**SUPPLIED MATERIAL**

-=-=-=-=-

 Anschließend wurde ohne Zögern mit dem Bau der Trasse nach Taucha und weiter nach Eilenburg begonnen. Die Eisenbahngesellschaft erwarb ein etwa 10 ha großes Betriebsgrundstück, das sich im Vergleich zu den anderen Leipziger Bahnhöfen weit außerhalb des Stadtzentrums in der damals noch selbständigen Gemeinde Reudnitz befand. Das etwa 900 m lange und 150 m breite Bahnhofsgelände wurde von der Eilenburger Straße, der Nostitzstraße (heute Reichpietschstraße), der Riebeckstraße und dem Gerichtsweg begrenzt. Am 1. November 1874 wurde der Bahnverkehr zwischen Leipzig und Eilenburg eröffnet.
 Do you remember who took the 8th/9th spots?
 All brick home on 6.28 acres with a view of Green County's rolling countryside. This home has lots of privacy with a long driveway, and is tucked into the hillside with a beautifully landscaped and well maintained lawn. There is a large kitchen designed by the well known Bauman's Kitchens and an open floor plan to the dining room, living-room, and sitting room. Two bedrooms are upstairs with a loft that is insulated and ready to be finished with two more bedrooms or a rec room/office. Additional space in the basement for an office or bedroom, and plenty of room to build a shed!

-=-=-=-=-

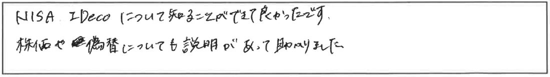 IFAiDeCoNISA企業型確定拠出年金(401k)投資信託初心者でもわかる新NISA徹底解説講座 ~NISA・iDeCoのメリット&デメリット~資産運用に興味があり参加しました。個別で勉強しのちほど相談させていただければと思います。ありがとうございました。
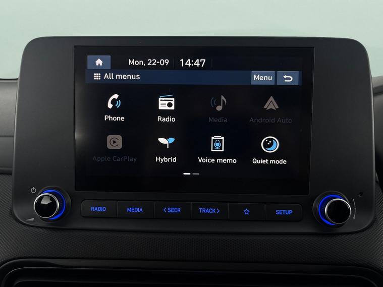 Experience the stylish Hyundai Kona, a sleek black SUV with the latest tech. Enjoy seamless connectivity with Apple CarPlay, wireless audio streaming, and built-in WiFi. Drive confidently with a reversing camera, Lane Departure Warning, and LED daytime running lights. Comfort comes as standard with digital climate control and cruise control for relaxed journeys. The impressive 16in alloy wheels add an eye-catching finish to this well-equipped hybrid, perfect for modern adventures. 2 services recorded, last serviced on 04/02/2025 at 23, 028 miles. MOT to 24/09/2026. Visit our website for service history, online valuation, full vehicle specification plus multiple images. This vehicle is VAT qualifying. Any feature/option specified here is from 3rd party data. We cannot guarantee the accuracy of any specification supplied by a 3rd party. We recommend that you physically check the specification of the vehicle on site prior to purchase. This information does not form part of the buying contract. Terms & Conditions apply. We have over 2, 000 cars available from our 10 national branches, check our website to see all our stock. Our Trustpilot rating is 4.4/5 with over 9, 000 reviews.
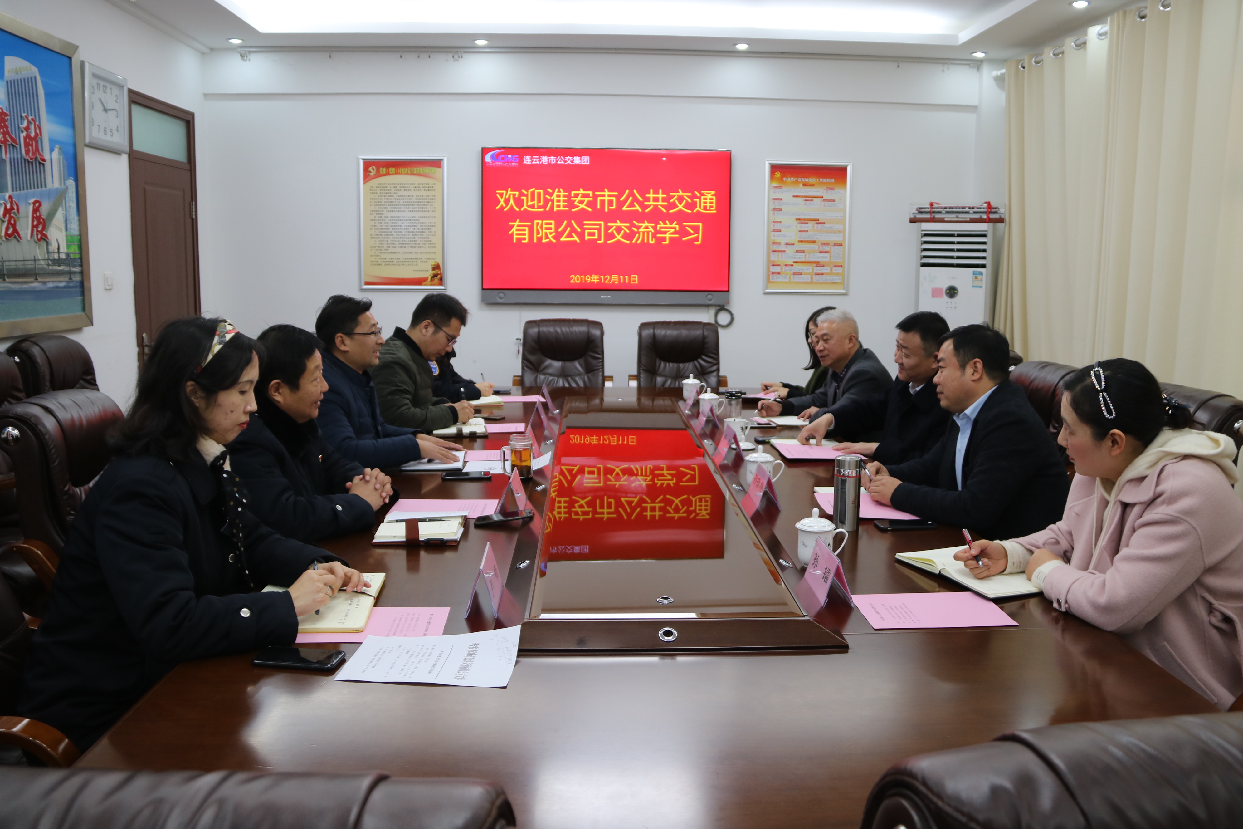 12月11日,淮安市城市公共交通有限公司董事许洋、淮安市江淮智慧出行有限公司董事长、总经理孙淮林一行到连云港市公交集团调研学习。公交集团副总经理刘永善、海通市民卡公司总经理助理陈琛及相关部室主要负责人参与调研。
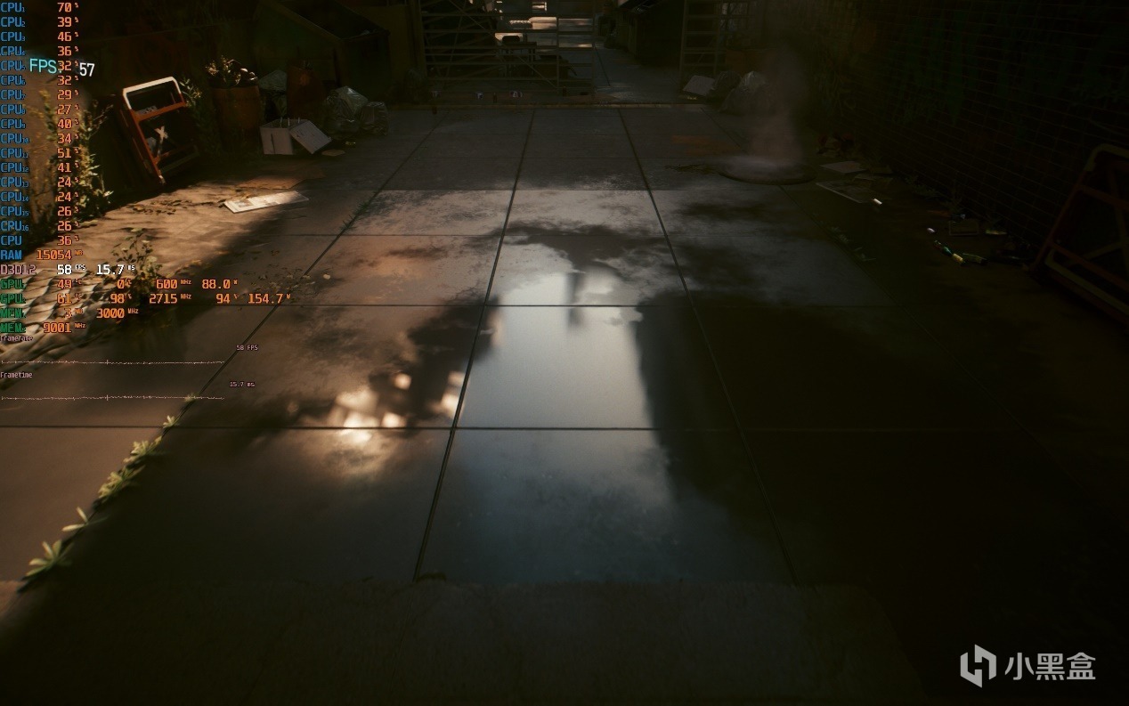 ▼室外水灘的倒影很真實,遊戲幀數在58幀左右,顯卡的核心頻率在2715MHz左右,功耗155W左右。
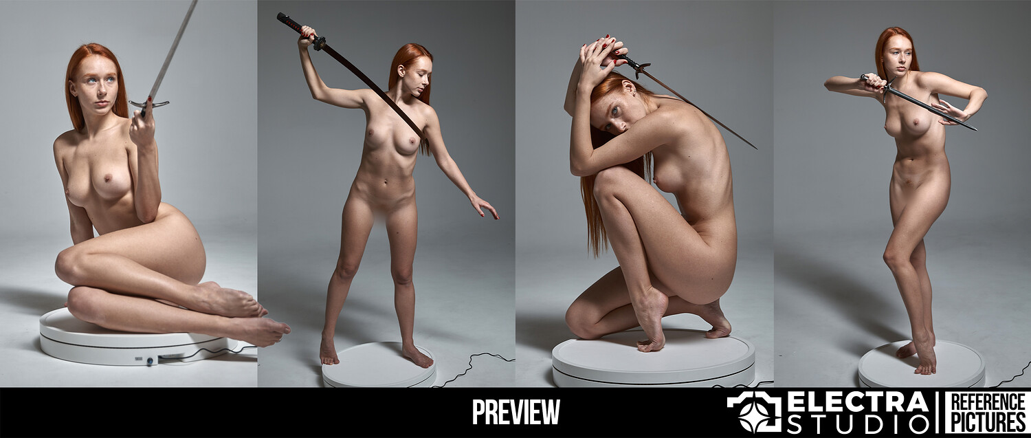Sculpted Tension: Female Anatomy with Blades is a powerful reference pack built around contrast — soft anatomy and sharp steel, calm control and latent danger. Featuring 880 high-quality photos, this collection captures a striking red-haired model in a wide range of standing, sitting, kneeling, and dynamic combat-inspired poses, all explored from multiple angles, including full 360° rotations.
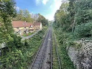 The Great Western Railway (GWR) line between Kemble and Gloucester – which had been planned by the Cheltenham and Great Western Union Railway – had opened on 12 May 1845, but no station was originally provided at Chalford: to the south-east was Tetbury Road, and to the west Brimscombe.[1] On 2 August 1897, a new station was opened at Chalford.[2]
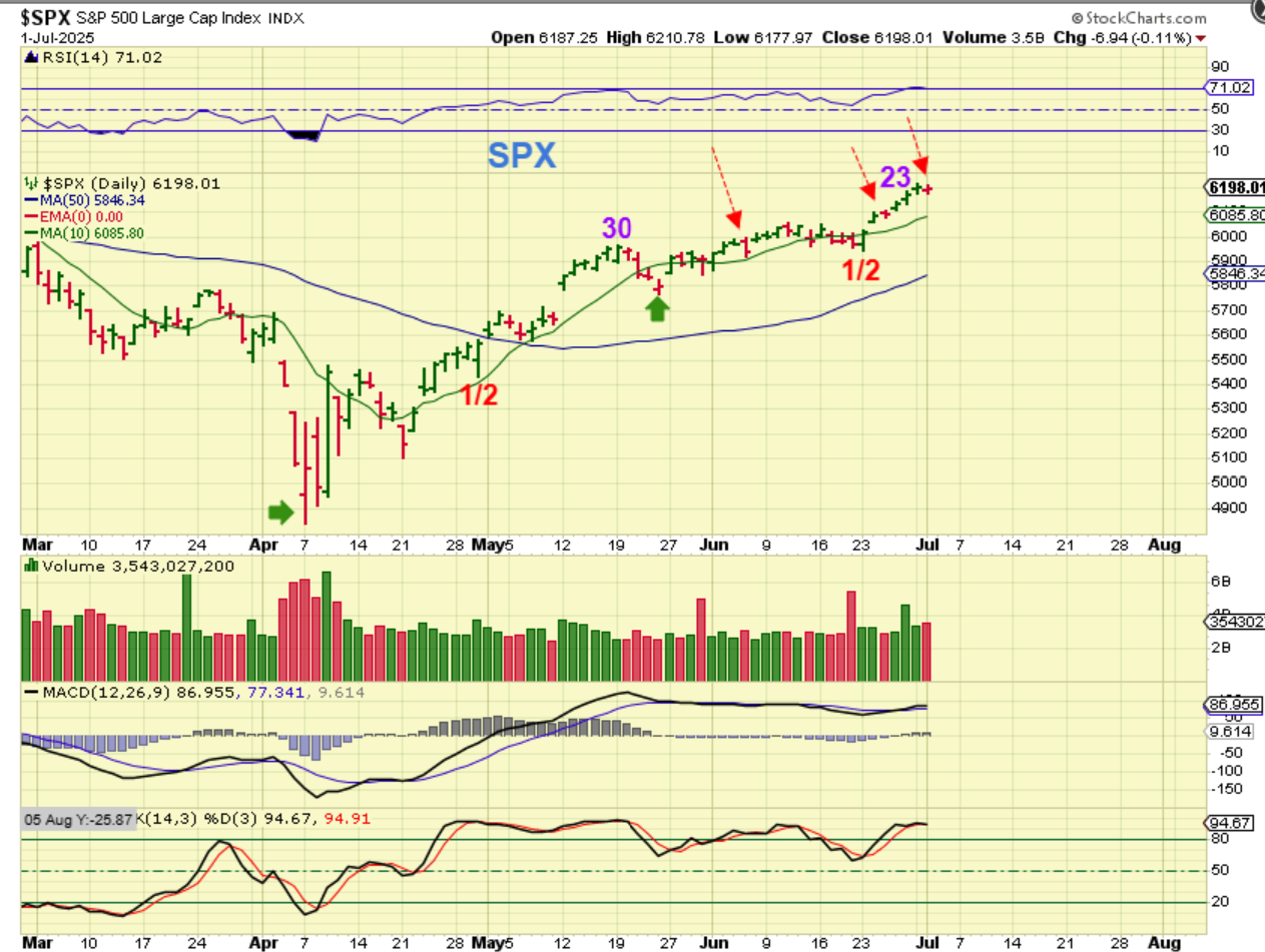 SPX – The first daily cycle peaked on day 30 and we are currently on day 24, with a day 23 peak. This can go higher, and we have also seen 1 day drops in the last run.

-=-=-=-=-

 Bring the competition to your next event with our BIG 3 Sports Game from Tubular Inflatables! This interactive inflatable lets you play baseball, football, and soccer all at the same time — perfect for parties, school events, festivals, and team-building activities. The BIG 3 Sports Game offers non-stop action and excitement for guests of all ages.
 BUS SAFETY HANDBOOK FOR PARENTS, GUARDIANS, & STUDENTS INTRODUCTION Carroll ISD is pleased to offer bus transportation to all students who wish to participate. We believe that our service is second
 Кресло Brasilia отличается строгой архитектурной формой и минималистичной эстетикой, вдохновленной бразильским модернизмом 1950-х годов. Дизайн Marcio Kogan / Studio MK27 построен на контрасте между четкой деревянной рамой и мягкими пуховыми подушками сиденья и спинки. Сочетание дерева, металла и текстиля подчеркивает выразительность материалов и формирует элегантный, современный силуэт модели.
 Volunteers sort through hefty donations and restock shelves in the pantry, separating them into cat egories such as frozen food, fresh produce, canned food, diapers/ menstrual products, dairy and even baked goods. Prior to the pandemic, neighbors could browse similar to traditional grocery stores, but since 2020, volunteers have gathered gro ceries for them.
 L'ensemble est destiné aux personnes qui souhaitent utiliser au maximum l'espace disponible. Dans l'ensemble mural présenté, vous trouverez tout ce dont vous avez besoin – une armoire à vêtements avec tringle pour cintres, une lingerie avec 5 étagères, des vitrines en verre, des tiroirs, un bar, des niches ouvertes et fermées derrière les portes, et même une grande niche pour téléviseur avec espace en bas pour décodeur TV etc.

-=-=-=-=-

From the data above, reproduce word for word the lines running from the line with "Anschließend wurde ohne" to the line with "Do you remember who took the 8th/9th spots?", ends included.

**RESULT FOR THIS EXERCISE**
 Anschließend wurde ohne Zögern mit dem Bau der Trasse nach Taucha und weiter nach Eilenburg begonnen. Die Eisenbahngesellschaft erwarb ein etwa 10 ha großes Betriebsgrundstück, das sich im Vergleich zu den anderen Leipziger Bahnhöfen weit außerhalb des Stadtzentrums in der damals noch selbständigen Gemeinde Reudnitz befand. Das etwa 900 m lange und 150 m breite Bahnhofsgelände wurde von der Eilenburger Straße, der Nostitzstraße (heute Reichpietschstraße), der Riebeckstraße und dem Gerichtsweg begrenzt. Am 1. November 1874 wurde der Bahnverkehr zwischen Leipzig und Eilenburg eröffnet.
 Do you remember who took the 8th/9th spots?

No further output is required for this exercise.